I left office today, after 60 days’ working.
I actually liked this job, it’s nice, fun and though a little embarrassing sometimes, it’s not hard.
And most of all, I really like these people there, not perfect, but good guys no less. Certainly I will miss them.
I was not able to convince Uncle Zhu that it’s important for me to pursue advanced studies, not for better salary, not for another job, but for my own… how to say, completion? promote?
Yet he didn’t persuade me to give up my IDEAL. And his all-women-want-easy-life attitude more or less pissed me off… a little.
Why do I want a easy life when I’m only 23 full of energy? Why do I want a cocky man in my life when I enjoy my freedom? And WHY can’t I be ideal when it’s perfect period of my lifetime just to be so?!
Isn’t it a privilege for the young to dream, to fight for dream. Even at last I fail, cry my eyes out, isn’t it way to make me tough and mature? How can you expect the young to be mature when they are not even through their ideal???
Met Mr Jun at Jiazhou Garden, and along with him I took company bus first time.
Also first day of Shape Up Exercise.
First day during my off-the-job training for 1 month. SOOOOOO boring!!!!
Since I sat down in the new office, I have played computer for a whole day!!
But at least, office is much cooler than the hall. That’s may count for something, I think.
I dont know if he’s serious or kidding. I mean, it’s not even 2 months since we meet and we almost know nothing about each other. How can you like some one you barely know.
Also, I never feel comfortable dealing with these things.
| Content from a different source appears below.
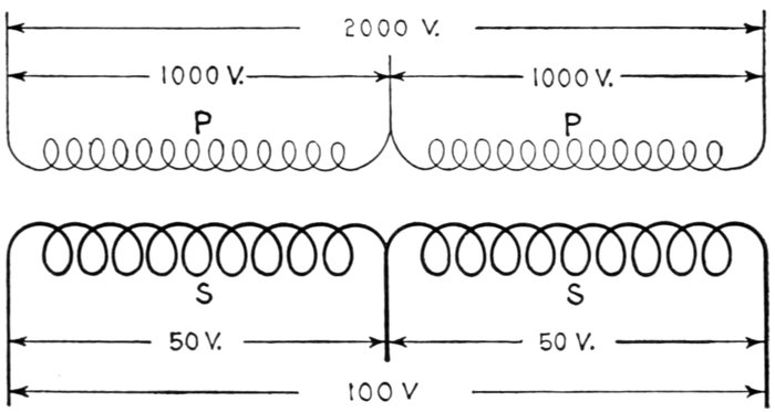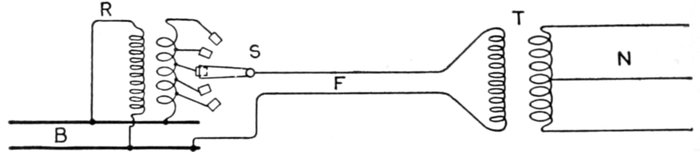The other direct current terminal T' is connected to the center of the transformer secondary at t; and CS and CS' are respectively joined up to either end of the secondary winding and to the other coatings of the condensers.

Right now, I’m really confused and weary.
It’s not my good day!
Through guide tour for Mr Guo Dingping, I’m sooo nerves and lousy!
I hate myself for acting poorly and I’m afraid of losing interests in this work if this continue.
Received my first, pitiful salary of ￥744
normal. well, to be honest, i forgot …
early morning, i made a fool of myself about the arrange of duty. what a embarrassed situation.